Se a soppiantarla fosse un altro operatore in grado di garantire per il futuro lo stesso servizio pubblico - in termini di qualità ed efficienza - a costi minori per lo Stato e quindi per il contribuente, ovviamente, nulla quaestio. Il fatto che impone qualche ripensamento, però, è che tale servizio verrà trasferito per forza di legge all'ente di Stato, la Rai, che si approprierà del servizio e dei relativi introiti (più o meno esplicitamente quantificati nel calcolo del canone ha poca importanza).
Se si considera la attuale struttura dei costi di produzione Rai, è evidente che il solo servizio delle dirette parlamentari assorbirà ben più degli otto miliardi netti oggi versati annualmente dallo Stato a Radio Radicale.
Non solo, per fornire il servizio delle dirette parlamentari, la Rai si appresta ad effettuare un investimento di decine di miliardi per la realizzazione di una nuova rete ad hoc.
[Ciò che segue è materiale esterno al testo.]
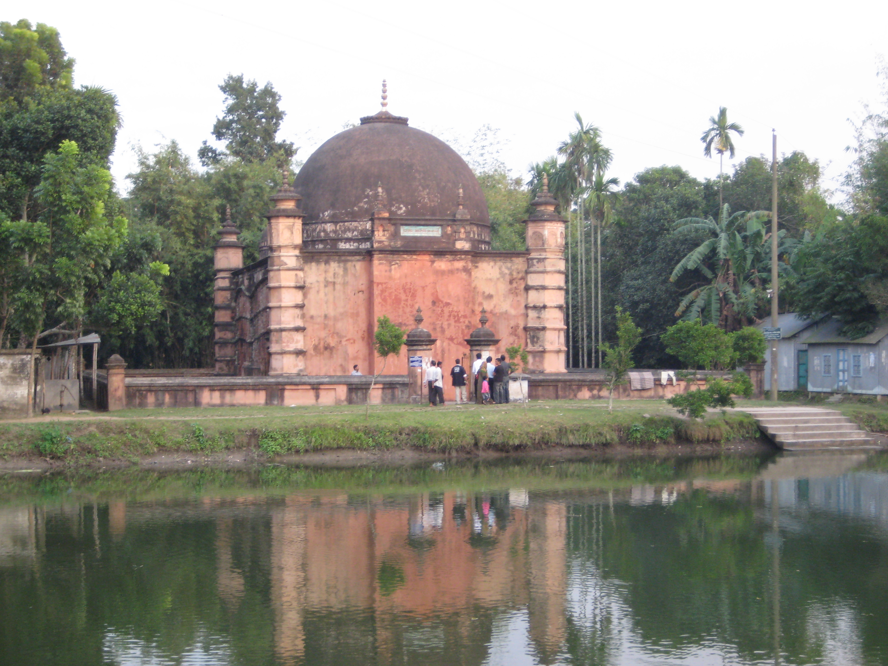 The 400-year-old Atia Jam-e Mosque is in the Delduar upazila of Tangail. According to officials of Department of Archaeology and local historians, the Land lord (Zamindar) of Atia, Syed Khan Panni, had the mosque built on the bank of Louhaganj River by the best masons and artisans of the time (1609). Panni received Atia Pargana(District) from the Mughal Emperor Jahangir as a gift in the beginning of the 17th century.

Appare perciò evidente, tralasciando tutto il resto, l'incongruità sotto il profilo della logica economica e finanziaria del trasferimento all'ente pubblico della trasmissione delle dirette parlamentari. Ciò confligge palesemente, inoltre, con tutti gli orientamenti pubblicamente espressi da tutti gli ultimi governi circa la necessità di un "ritiro" dello Stato dalla gestione diretta di aziende o di servizi pubblici, ovunque possibile senza detrimento per gli utenti. In questo caso, infatti, lo Stato amplierebbe il proprio raggio di azione "espropiando" di fatto il settore privato di una quota del mercato dei servizi radiofonici: con buona pace delle privatizzazioni e delle liberalizzazioni.
Il passaggio al moloch statale, la Rai, del servizio fino ad oggi svolto da Radio Radicale, come detto, dovrebbe avvenire in ossequio, seppur tardivo, ad una disposizione normativa: ma si tratta di una norma 1990 il cui contenuto è ormai obsoleto rispetto agli orientamenti legislativi e di politica economico-finanziaria costantemente adottati negli anni seguenti da Governi e maggioranze parlamentari anche di diverso ed opposto orientamento. Rispetto al referendum che, nei fatti, chiedeva la privatizzazione della Rai e quindi del servizio pubblico.
Il rispetto inerziale e burocratico di una norma palesemente superata, finirà per avere come unico effetto sostanziale quello di privare il panorama dell'informazione italiana di uno dei soggetti pressoché unanimemente riconosciuto tra i più innovativi e pluralisti.